**TRY IT**
Write out, please, each line from the one containing "2-3阶段:星界牌、斗士牌、" to the final line of the data, both included, exactly and without pictures.

**Records excerpted from a collection**
>>>
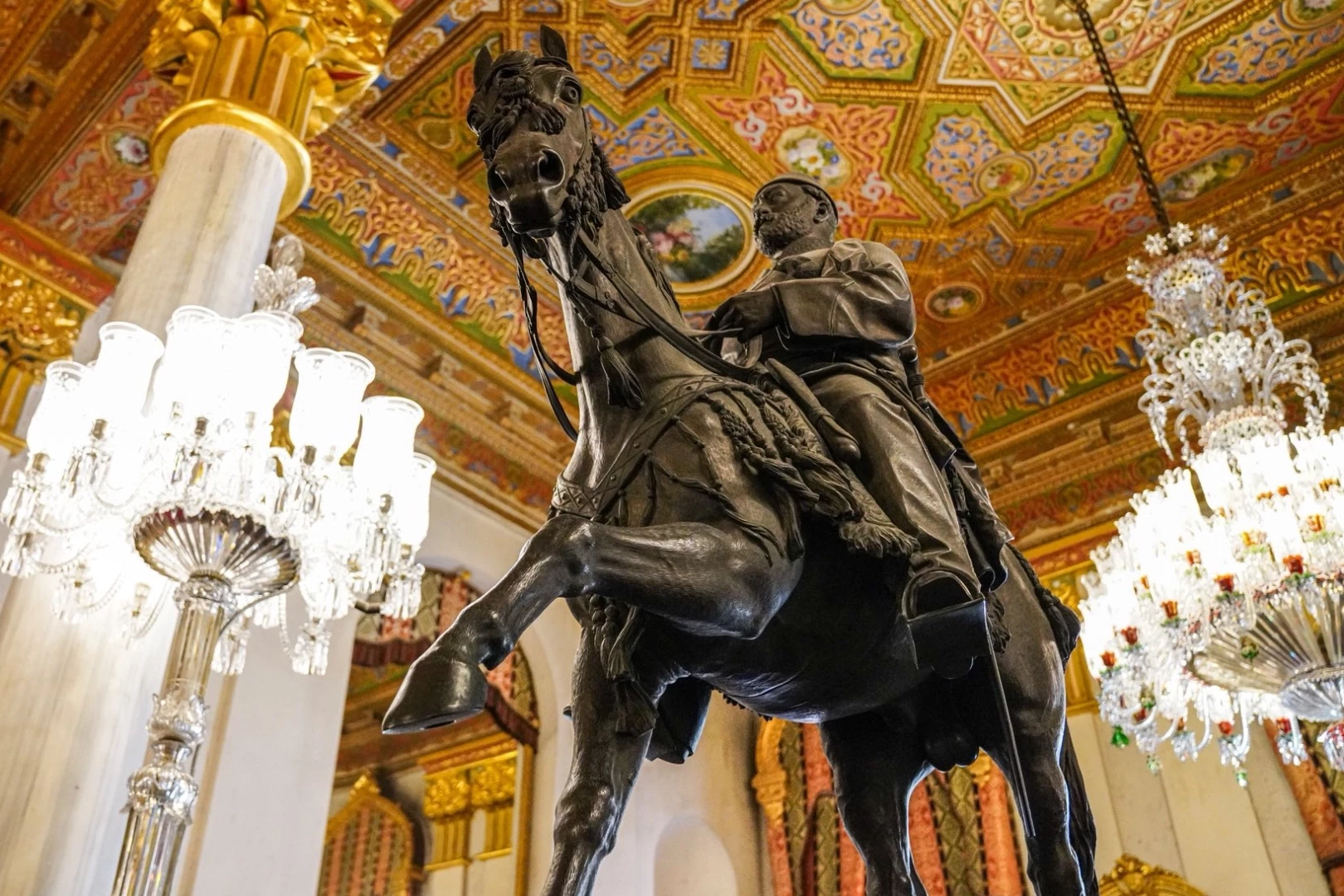 Milli Saraylar İdaresi, Sultan Abdülaziz’in 1871 yılında Floransalı sanatçı C. F. Fuller tarafından tasarlanan bronz atlı heykelinin hikayesini paylaştı. Dolmabahçe Sarayı’nda sergilenen ve daha sonra Topkapı Sarayı’na taşınan heykel, bugün Beylerbeyi Sarayı’nın Havuzlu Salonu’nda yer alıyor.
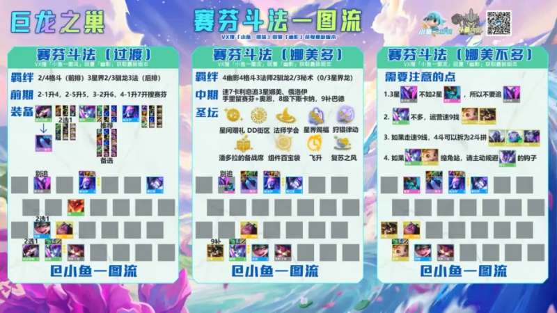 2-3阶段:星界牌、斗士牌、驯龙牌全抓,娜美不来可以崔丝塔娜带装备打输出,肉装给斯卡纳带着,2-1升4,2-5升5,3-2升6,6级没质量就搜,然后看个人喜好,6级追7级追都可以,7级可以挂4斗,且赛芬概率高,实际没那么严格,缺质量就小搜下
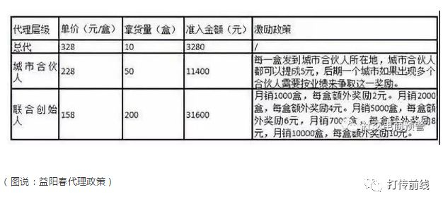 每个级别的代理,拿货价差分别为100元、70元,最低级别的总代零售一盒产品可以赚到170元差价,最高级别的联合创始人则可以赚到340元。任先生还告诉记者,成为益阳春的总代,将得到授权成为仁和药业旗下人参玛咖五宝茶、人参玛咖片的代理,分别享受代理价25元/盒、35元/盒,而这两款产品的电商零售价分别是69元/盒、138元/盒。相较于面向普通消费者销售产品,代理们更倾向于扶持新代理。任先生说,一个城市合伙人,如果招到一个总代,一次就能赚到不菲的产品差价,并且是一条可持续的销售渠道,因为新加入的代理只能通过自己的上线拿货。根据我国《禁止传销条例》,要求被发展人员以交纳一定费用为条件取得加入资格,或通过对被发展人员以其直接或者间接发展的人员数量或者销售业绩为依据计算和给付报酬等行为,属于传销。益阳春的营销模式中,代理以认购商品的名义变相交纳入门费,三层代理,差价计酬,是不是在打“擦边球”?而从电商平台看,益阳春并不像宣传文案中说的那么广受欢迎、销售火爆。销量排在首位的淘宝店铺,月销也仅7盒。那么,这样的产品,到底是卖给消费者,还是为代理而设计?除了益阳春,魔娅仁和全色调理贴、仁和小红膏、小绿瓶等诸多产品都采用类似“层层分销+奖励”的微商营销模式。在产品贴吧及公开投诉平台,多位代理称,仁和的产品比同类产品价格高得多,销售困难,退货渠道不畅,“信任仁和大品牌,结果上当受骗”。为核实具体情况,记者在对仁和药业证券部发去的采访函中明确提问此类问题,截至发稿未获回应。巧的是,今年1月,天津市公安机关对权健自然医学科技发展有限公司涉嫌组织、领导传销活动罪和虚假广告罪立案侦查;同一时期,不少网友在仁和药业的投资者交流平台发帖提示股民注意仁和涉传被查的风险。
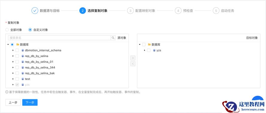 图二、配置任务的第二步骤,选择复制对象
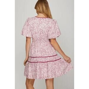 The Printed V-Neck Puff Sleeve Tiered Dress is a charming and feminine choice for various occasions. This dress features a flattering V-neckline, puff sleeves for a touch of drama, and tiered layers for a flowy and romantic silhouette. The printed design adds a playful and stylish element to the dress. Pair it with sandals or heels for a chic and effortless look that is perfect for spring and summer events.
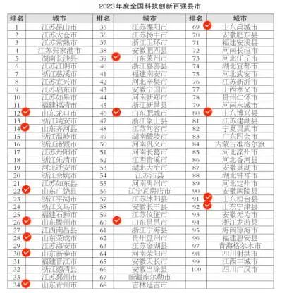 2023年度全国科技创新百强县市榜单中,山东共有14地入选:龙口市、齐河县、广饶县、滕州市、荣成市、新泰市、青州市、莱州市、肥城市、昌邑市、禹城市、博兴县、桓台县、宁津县。
<<<
**WORKED SOLUTION**
 2-3阶段:星界牌、斗士牌、驯龙牌全抓,娜美不来可以崔丝塔娜带装备打输出,肉装给斯卡纳带着,2-1升4,2-5升5,3-2升6,6级没质量就搜,然后看个人喜好,6级追7级追都可以,7级可以挂4斗,且赛芬概率高,实际没那么严格,缺质量就小搜下
 每个级别的代理,拿货价差分别为100元、70元,最低级别的总代零售一盒产品可以赚到170元差价,最高级别的联合创始人则可以赚到340元。任先生还告诉记者,成为益阳春的总代,将得到授权成为仁和药业旗下人参玛咖五宝茶、人参玛咖片的代理,分别享受代理价25元/盒、35元/盒,而这两款产品的电商零售价分别是69元/盒、138元/盒。相较于面向普通消费者销售产品,代理们更倾向于扶持新代理。任先生说,一个城市合伙人,如果招到一个总代,一次就能赚到不菲的产品差价,并且是一条可持续的销售渠道,因为新加入的代理只能通过自己的上线拿货。根据我国《禁止传销条例》,要求被发展人员以交纳一定费用为条件取得加入资格,或通过对被发展人员以其直接或者间接发展的人员数量或者销售业绩为依据计算和给付报酬等行为,属于传销。益阳春的营销模式中,代理以认购商品的名义变相交纳入门费,三层代理,差价计酬,是不是在打“擦边球”?而从电商平台看,益阳春并不像宣传文案中说的那么广受欢迎、销售火爆。销量排在首位的淘宝店铺,月销也仅7盒。那么,这样的产品,到底是卖给消费者,还是为代理而设计?除了益阳春,魔娅仁和全色调理贴、仁和小红膏、小绿瓶等诸多产品都采用类似“层层分销+奖励”的微商营销模式。在产品贴吧及公开投诉平台,多位代理称,仁和的产品比同类产品价格高得多,销售困难,退货渠道不畅,“信任仁和大品牌,结果上当受骗”。为核实具体情况,记者在对仁和药业证券部发去的采访函中明确提问此类问题,截至发稿未获回应。巧的是,今年1月,天津市公安机关对权健自然医学科技发展有限公司涉嫌组织、领导传销活动罪和虚假广告罪立案侦查;同一时期,不少网友在仁和药业的投资者交流平台发帖提示股民注意仁和涉传被查的风险。
 图二、配置任务的第二步骤,选择复制对象
 The Printed V-Neck Puff Sleeve Tiered Dress is a charming and feminine choice for various occasions. This dress features a flattering V-neckline, puff sleeves for a touch of drama, and tiered layers for a flowy and romantic silhouette. The printed design adds a playful and stylish element to the dress. Pair it with sandals or heels for a chic and effortless look that is perfect for spring and summer events.
 2023年度全国科技创新百强县市榜单中,山东共有14地入选:龙口市、齐河县、广饶县、滕州市、荣成市、新泰市、青州市、莱州市、肥城市、昌邑市、禹城市、博兴县、桓台县、宁津县。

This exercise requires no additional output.